╭─ SOURCE RECORDS
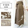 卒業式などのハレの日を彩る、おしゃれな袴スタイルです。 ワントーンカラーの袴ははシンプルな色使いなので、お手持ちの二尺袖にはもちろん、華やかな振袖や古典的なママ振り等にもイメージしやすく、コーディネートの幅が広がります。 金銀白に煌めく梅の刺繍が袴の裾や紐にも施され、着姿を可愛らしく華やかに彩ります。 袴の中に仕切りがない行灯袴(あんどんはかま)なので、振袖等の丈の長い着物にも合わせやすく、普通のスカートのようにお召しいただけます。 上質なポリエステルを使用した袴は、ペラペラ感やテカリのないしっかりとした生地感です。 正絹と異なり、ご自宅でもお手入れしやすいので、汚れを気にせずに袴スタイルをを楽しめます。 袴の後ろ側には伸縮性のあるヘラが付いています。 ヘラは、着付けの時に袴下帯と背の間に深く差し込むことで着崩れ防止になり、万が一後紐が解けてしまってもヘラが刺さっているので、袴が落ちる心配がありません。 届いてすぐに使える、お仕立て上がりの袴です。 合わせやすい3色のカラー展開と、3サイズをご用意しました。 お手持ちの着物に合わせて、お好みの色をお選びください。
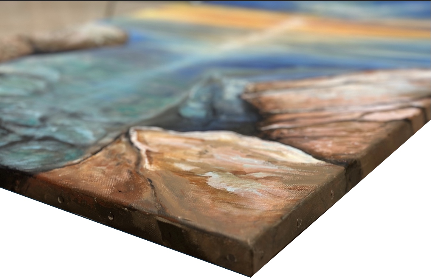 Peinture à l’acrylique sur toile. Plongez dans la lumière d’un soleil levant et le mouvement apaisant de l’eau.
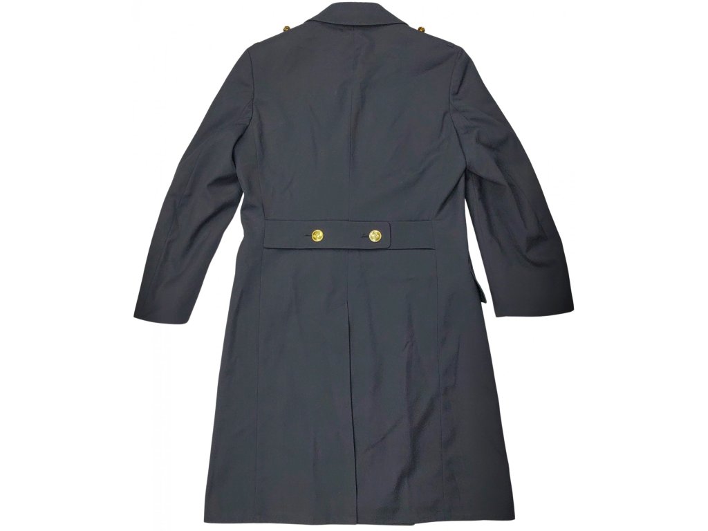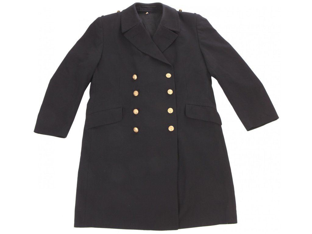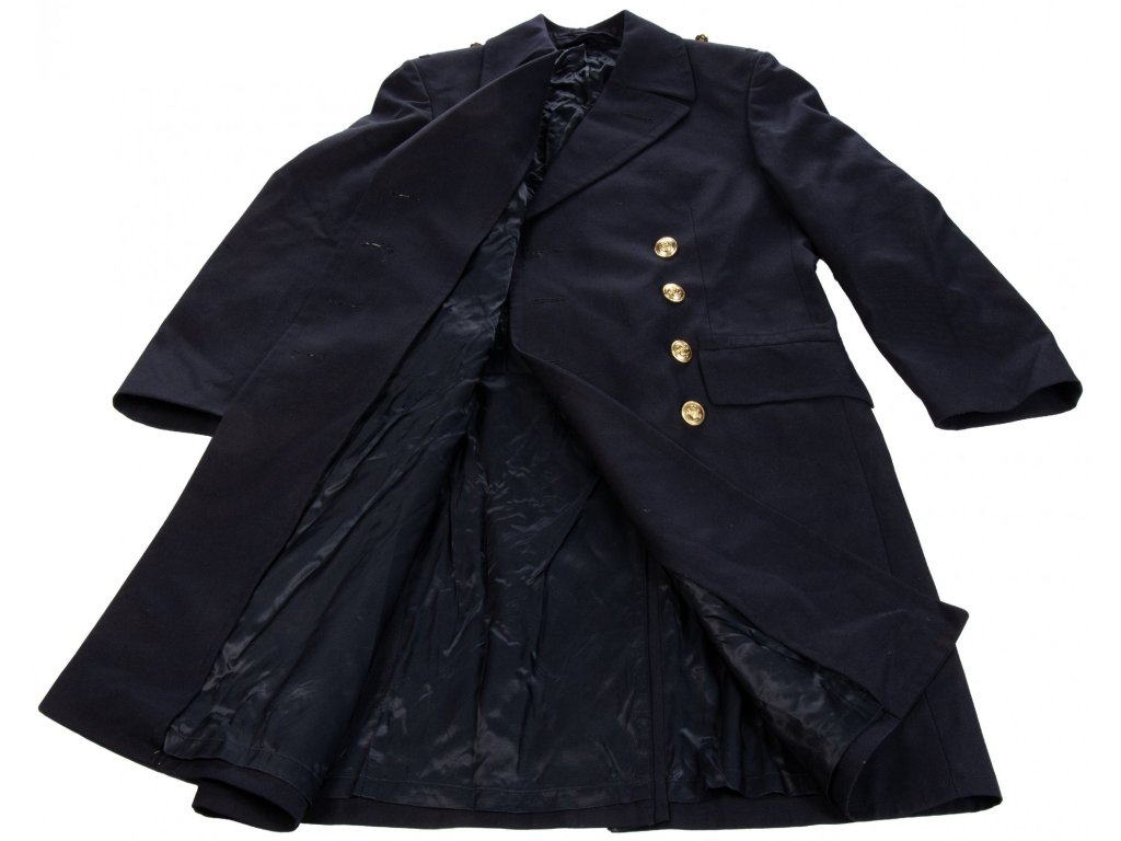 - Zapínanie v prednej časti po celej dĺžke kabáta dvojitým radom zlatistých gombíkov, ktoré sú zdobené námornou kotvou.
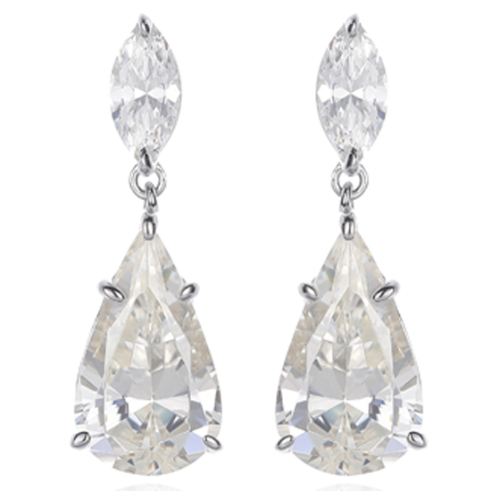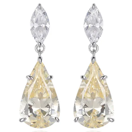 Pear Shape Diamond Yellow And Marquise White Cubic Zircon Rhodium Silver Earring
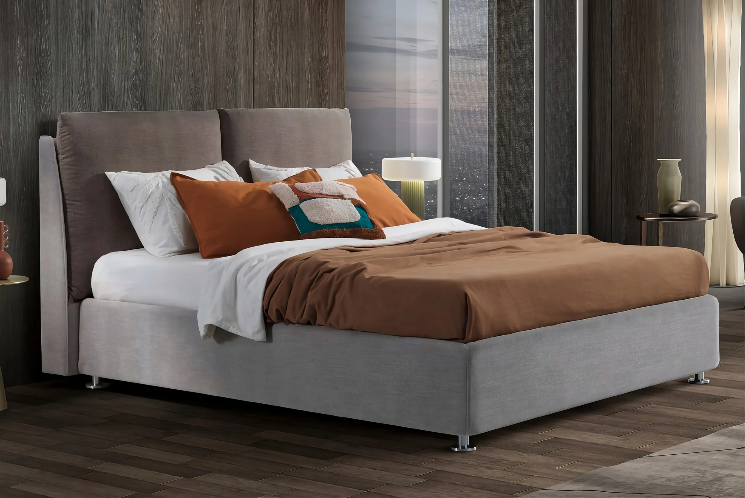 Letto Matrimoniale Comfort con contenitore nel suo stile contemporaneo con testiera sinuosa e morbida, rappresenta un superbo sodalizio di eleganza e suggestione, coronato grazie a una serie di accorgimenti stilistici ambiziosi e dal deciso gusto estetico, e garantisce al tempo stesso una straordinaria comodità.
╰─
╭─ SOURCE RECORDS
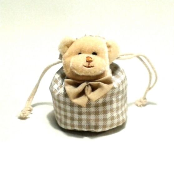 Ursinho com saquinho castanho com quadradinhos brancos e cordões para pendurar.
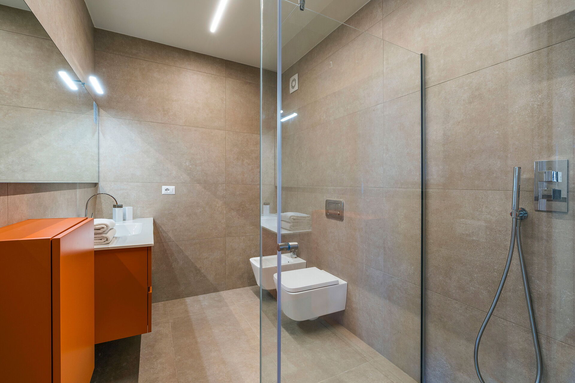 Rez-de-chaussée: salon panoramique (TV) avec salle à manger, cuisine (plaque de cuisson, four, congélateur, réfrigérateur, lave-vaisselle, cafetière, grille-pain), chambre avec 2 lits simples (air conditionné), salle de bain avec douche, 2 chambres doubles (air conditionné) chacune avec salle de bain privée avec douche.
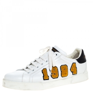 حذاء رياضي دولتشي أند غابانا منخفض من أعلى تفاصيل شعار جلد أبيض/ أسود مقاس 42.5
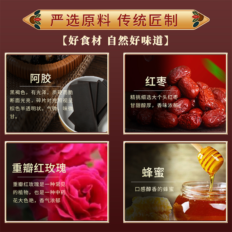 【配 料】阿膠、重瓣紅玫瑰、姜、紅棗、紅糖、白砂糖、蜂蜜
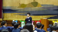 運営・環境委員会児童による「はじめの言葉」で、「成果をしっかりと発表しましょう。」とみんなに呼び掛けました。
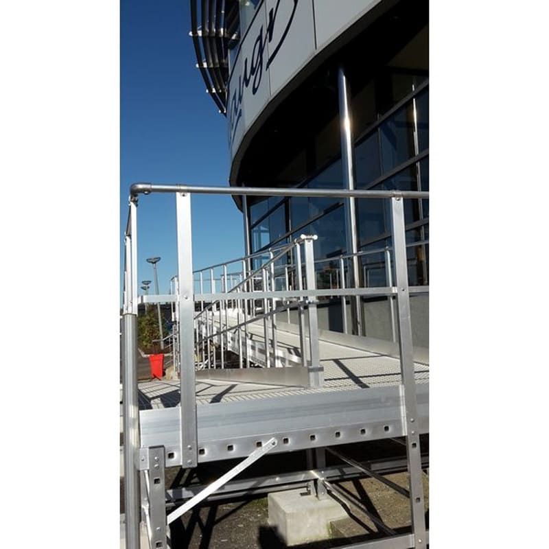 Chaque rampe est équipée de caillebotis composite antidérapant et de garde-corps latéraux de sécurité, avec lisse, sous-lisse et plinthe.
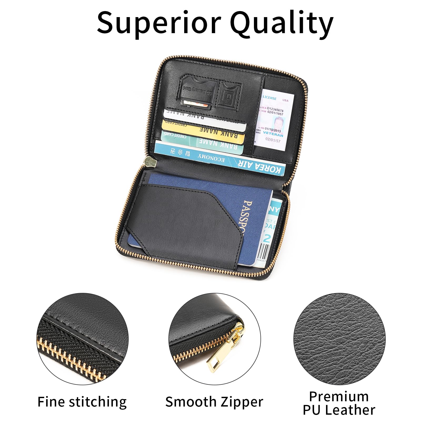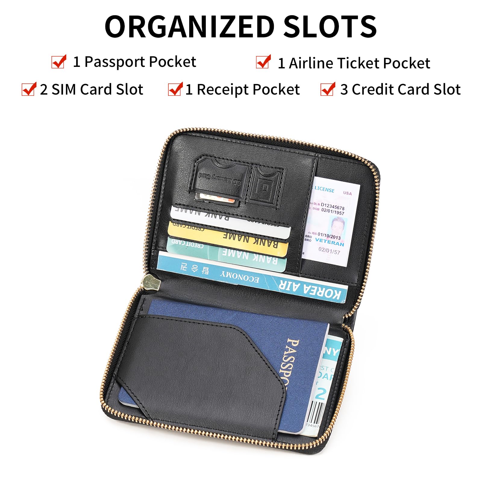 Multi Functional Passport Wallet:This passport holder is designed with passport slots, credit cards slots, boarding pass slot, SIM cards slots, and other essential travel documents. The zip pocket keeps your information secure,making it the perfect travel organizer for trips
╰─
* [TASK TO COMPLETE]: Out of the records above, please copy exactly the lines from the line with "Peinture à l’acrylique" up to and including the line with "Letto Matrimoniale Comfort", minus the pictures.

* [ANSWER BOX]:
 Peinture à l’acrylique sur toile. Plongez dans la lumière d’un soleil levant et le mouvement apaisant de l’eau.
 - Zapínanie v prednej časti po celej dĺžke kabáta dvojitým radom zlatistých gombíkov, ktoré sú zdobené námornou kotvou.
 Pear Shape Diamond Yellow And Marquise White Cubic Zircon Rhodium Silver Earring
 Letto Matrimoniale Comfort con contenitore nel suo stile contemporaneo con testiera sinuosa e morbida, rappresenta un superbo sodalizio di eleganza e suggestione, coronato grazie a una serie di accorgimenti stilistici ambiziosi e dal deciso gusto estetico, e garantisce al tempo stesso una straordinaria comodità.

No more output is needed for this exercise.